Dimensionality reduction
We create a UMAP for visual assessment of the batch effects, before correcting them.
embed_viz, _ = mosna.get_reducer(nodes_agg[marker_cols], nodes_dir)
fig, ax, color_mapper = mosna.plot_clusters(
embed_viz,
cluster_labels=nodes_agg['patient'],
save_dir=None,
return_cmap=True,
show_id=False,
)
fig, ax, color_mapper = mosna.plot_clusters(
embed_viz,
cluster_labels=nodes_agg['sample'],
save_dir=None,
return_cmap=True,
show_id=False,
)
Batch Effect Correction
Now we can apply the batch effect correction. In this step, the systematic differences between patients/samples are removed, while preserving the present biological variation.

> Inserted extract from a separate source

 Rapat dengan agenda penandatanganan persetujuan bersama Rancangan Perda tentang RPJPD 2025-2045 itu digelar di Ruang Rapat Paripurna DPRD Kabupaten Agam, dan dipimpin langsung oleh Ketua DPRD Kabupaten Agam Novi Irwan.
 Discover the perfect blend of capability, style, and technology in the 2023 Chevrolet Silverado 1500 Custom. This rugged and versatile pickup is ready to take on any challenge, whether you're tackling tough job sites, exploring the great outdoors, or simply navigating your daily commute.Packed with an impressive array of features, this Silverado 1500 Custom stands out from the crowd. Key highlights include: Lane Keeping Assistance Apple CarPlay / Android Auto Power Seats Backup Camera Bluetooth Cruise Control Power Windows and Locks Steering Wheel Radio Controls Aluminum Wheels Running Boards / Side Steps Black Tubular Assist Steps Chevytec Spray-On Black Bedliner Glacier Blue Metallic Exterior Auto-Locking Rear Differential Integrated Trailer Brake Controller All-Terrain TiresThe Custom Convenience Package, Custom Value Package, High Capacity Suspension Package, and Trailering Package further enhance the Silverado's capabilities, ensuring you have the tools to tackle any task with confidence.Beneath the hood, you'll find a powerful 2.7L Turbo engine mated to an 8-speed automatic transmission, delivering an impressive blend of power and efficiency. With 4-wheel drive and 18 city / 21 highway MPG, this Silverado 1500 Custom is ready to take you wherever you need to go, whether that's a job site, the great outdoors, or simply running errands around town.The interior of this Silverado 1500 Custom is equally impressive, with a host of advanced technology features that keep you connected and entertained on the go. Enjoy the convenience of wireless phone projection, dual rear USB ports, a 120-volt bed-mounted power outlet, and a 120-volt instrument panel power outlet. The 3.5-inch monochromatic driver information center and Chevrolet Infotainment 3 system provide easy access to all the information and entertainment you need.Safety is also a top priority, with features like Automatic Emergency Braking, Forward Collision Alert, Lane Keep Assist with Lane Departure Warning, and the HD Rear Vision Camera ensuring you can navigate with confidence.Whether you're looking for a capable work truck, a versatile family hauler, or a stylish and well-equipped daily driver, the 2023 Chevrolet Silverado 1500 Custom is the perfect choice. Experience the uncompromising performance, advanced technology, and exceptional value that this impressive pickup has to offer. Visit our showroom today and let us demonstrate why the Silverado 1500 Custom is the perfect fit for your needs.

nodes_dir, nodes_corr = mosna.batch_correct_nodes(
nodes_dir=nodes_dir,
use_cols=marker_cols,
batch_key='patient',
return_nodes=True,
)
Comparing Response Groups - Composition
Mosna can help identify differences in the immune landscape between the groups, through comparisons between response groups. As outlined earlier, we will compare increasingly complex characteristics (compositional differences -> assortativity -> niches) We will start by comparing compositional differences. In our example, we compare two groups: responders, and non-responders. We make use of a spatially resolved proteomic data set of Cutaneous T-Cell Lymphoma (CTCL), which was generated using CODEX technology on 70 samples from 14 different patients [1]. Of these patients, 7 responded, and 7 did not respond to treatment with anti-PD-1 immunotherapy [1].

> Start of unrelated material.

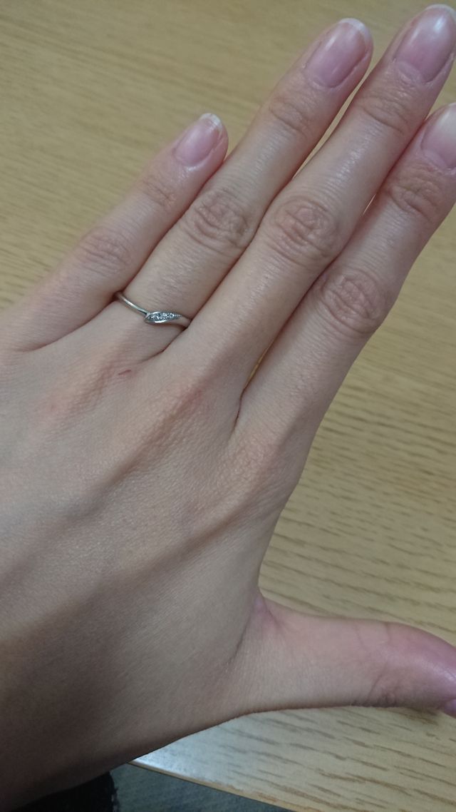 指が細く長く見える華奢なタイプの指輪が希望だったので、細めの指輪でV字になっているのが理想通りでした。

Differential Analysis between Response Groups
First, we will investigate how compositional differences are associated to differences in response. To do so, we start by defining the response and non-response groups:
group_names = {1: "responder", 2: "non-responder"}
Next, we add attributes to nodes by creating binary indicator variables for each cell type. This enables us to filter and color network visualizations in subsequent steps.

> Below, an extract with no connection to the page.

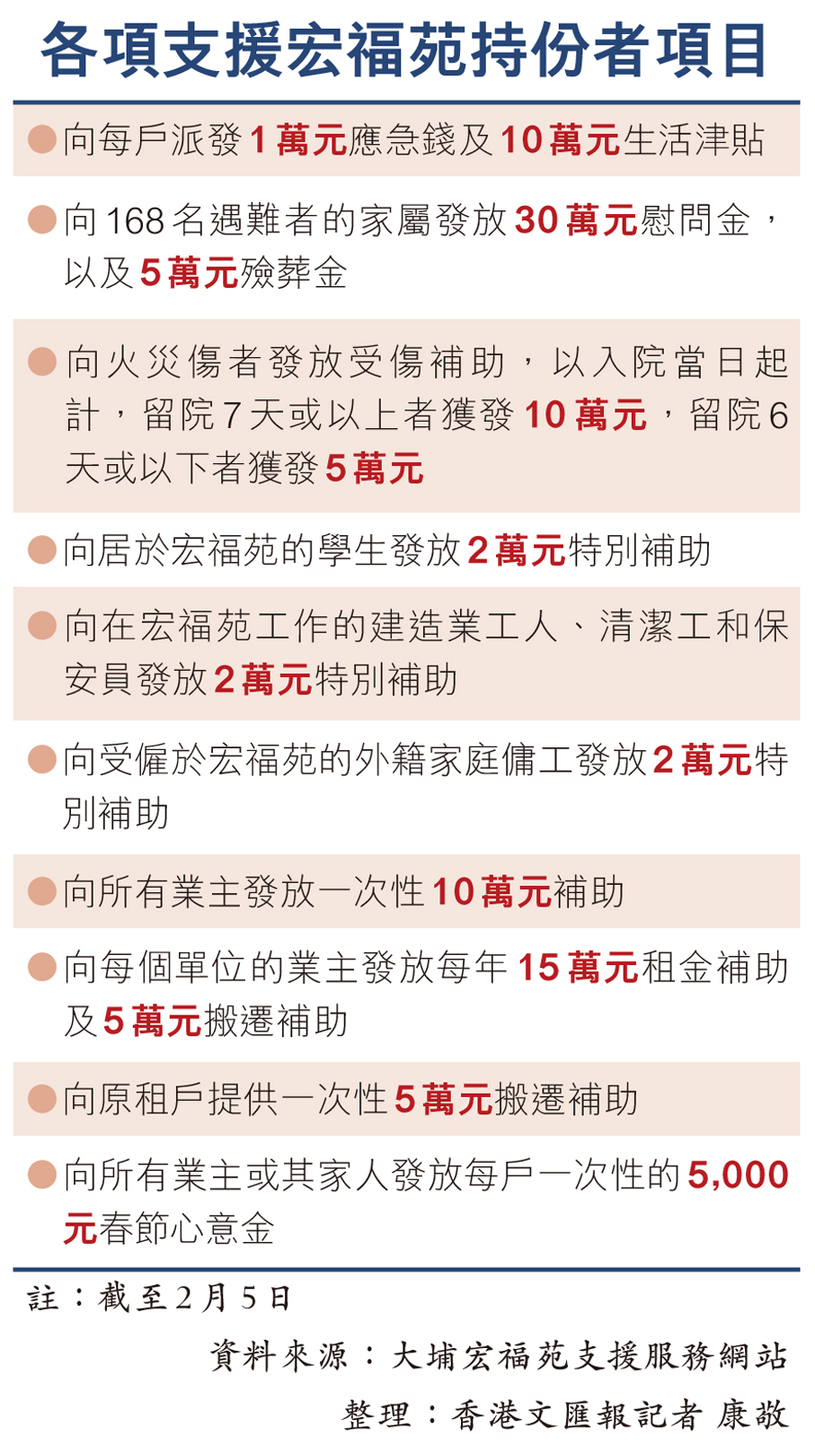 特區政府並迅速成立「大埔宏福苑援助基金」,並投入3億元作為啟動資金。截至上月26日,援助基金總額已達45億元。至今,援助基金已提供了多項援助,特區政府各部門亦陸續推出多項經濟援助,以及為宏福苑的居民提供各項醫療援助。政府亦與資訊科技業界構建物資捐獻網上平台,讓團體及市民登記可捐贈的物資,在有需要時分發物資予居民。

pos_cols = ["X_position", "Y_position"]
pheno_col = "Cluster"
nodes_all = df_all_phenotypes[pos_cols + [pheno_col]].copy()
nodes_all = nodes_all.join(pd.get_dummies(df_all_phenotypes[pheno_col]))
uniq_phenotypes = nodes_all[pheno_col].unique()
Then, we use patient_col to aggregate statistics per patient and condition:
count_types = obj[[patient_col, group_col, 'Count']].join(nodes_all[pheno_col]).groupby([patient_col, group_col, pheno_col]).count().unstack()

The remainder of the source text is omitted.